MATERIALS PROVIDED:
╭──
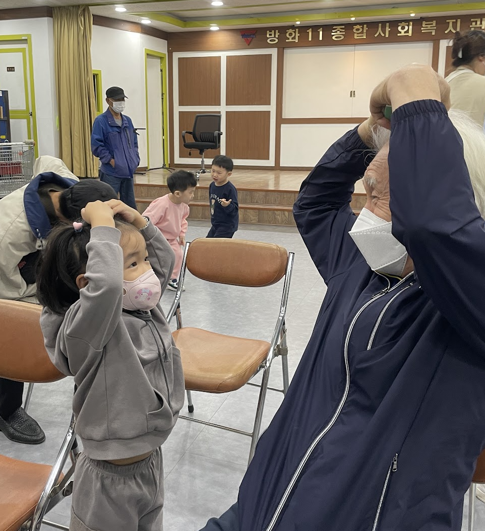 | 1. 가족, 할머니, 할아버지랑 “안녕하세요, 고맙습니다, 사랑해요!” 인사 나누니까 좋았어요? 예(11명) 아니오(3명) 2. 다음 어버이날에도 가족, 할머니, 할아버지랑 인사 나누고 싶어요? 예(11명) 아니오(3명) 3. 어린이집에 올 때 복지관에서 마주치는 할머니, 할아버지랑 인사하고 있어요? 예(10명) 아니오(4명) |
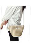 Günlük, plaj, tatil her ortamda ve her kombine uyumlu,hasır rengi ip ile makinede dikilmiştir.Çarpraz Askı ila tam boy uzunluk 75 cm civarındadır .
╰──
╭──
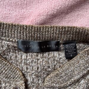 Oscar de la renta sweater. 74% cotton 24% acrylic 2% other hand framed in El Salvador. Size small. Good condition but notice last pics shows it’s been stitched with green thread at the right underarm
╰──
WORK TASK:
Copy only this from above: the line containing "예(10명) 아니오(4명) |", the line containing "Günlük, plaj, tatil", and all lines between, printed exactly. Leave out the pictures.

RESPONSE FOR THIS EXERCISE:
 | 1. 가족, 할머니, 할아버지랑 “안녕하세요, 고맙습니다, 사랑해요!” 인사 나누니까 좋았어요? 예(11명) 아니오(3명) 2. 다음 어버이날에도 가족, 할머니, 할아버지랑 인사 나누고 싶어요? 예(11명) 아니오(3명) 3. 어린이집에 올 때 복지관에서 마주치는 할머니, 할아버지랑 인사하고 있어요? 예(10명) 아니오(4명) |
 Günlük, plaj, tatil her ortamda ve her kombine uyumlu,hasır rengi ip ile makinede dikilmiştir.Çarpraz Askı ila tam boy uzunluk 75 cm civarındadır .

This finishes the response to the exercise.